**WORK INSTRUCTIONS**: Wherever pictures appear in the listing below, leave them out, and copy exactly, and only, everything from the line with "直升机弹射降落手游是一个有趣的游戏,你可以从一个停机坪跳到另一个停机坪。" down to the line with "Bullone infisso su".

**DATA SUPPLIED**:
'''

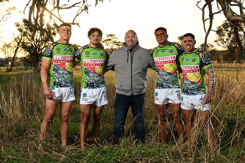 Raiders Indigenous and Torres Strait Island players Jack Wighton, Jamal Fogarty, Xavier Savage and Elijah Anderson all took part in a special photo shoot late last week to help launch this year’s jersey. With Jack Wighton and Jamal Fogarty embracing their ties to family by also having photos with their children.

'''
'''

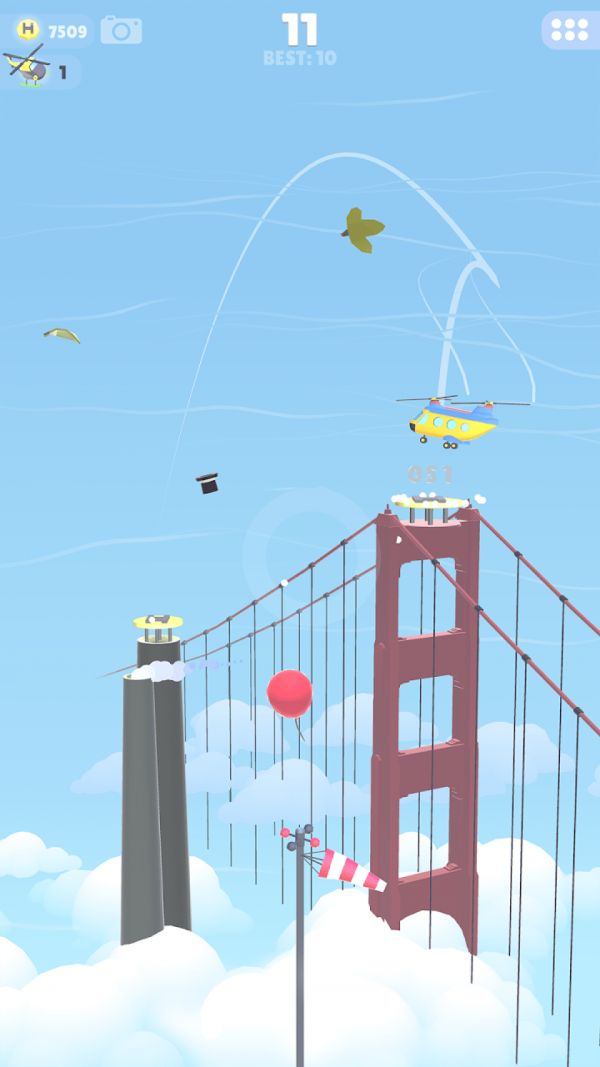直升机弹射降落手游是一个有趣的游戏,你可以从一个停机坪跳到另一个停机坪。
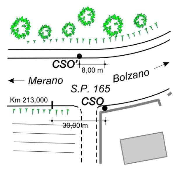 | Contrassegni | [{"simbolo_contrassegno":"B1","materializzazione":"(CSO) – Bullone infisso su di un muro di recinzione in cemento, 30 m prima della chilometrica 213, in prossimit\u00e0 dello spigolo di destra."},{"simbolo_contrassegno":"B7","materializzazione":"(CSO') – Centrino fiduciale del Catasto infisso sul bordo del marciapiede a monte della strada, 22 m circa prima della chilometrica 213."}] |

'''

**OUTPUT OF THE TASK**:
直升机弹射降落手游是一个有趣的游戏,你可以从一个停机坪跳到另一个停机坪。
 | Contrassegni | [{"simbolo_contrassegno":"B1","materializzazione":"(CSO) – Bullone infisso su di un muro di recinzione in cemento, 30 m prima della chilometrica 213, in prossimit\u00e0 dello spigolo di destra."},{"simbolo_contrassegno":"B7","materializzazione":"(CSO') – Centrino fiduciale del Catasto infisso sul bordo del marciapiede a monte della strada, 22 m circa prima della chilometrica 213."}] |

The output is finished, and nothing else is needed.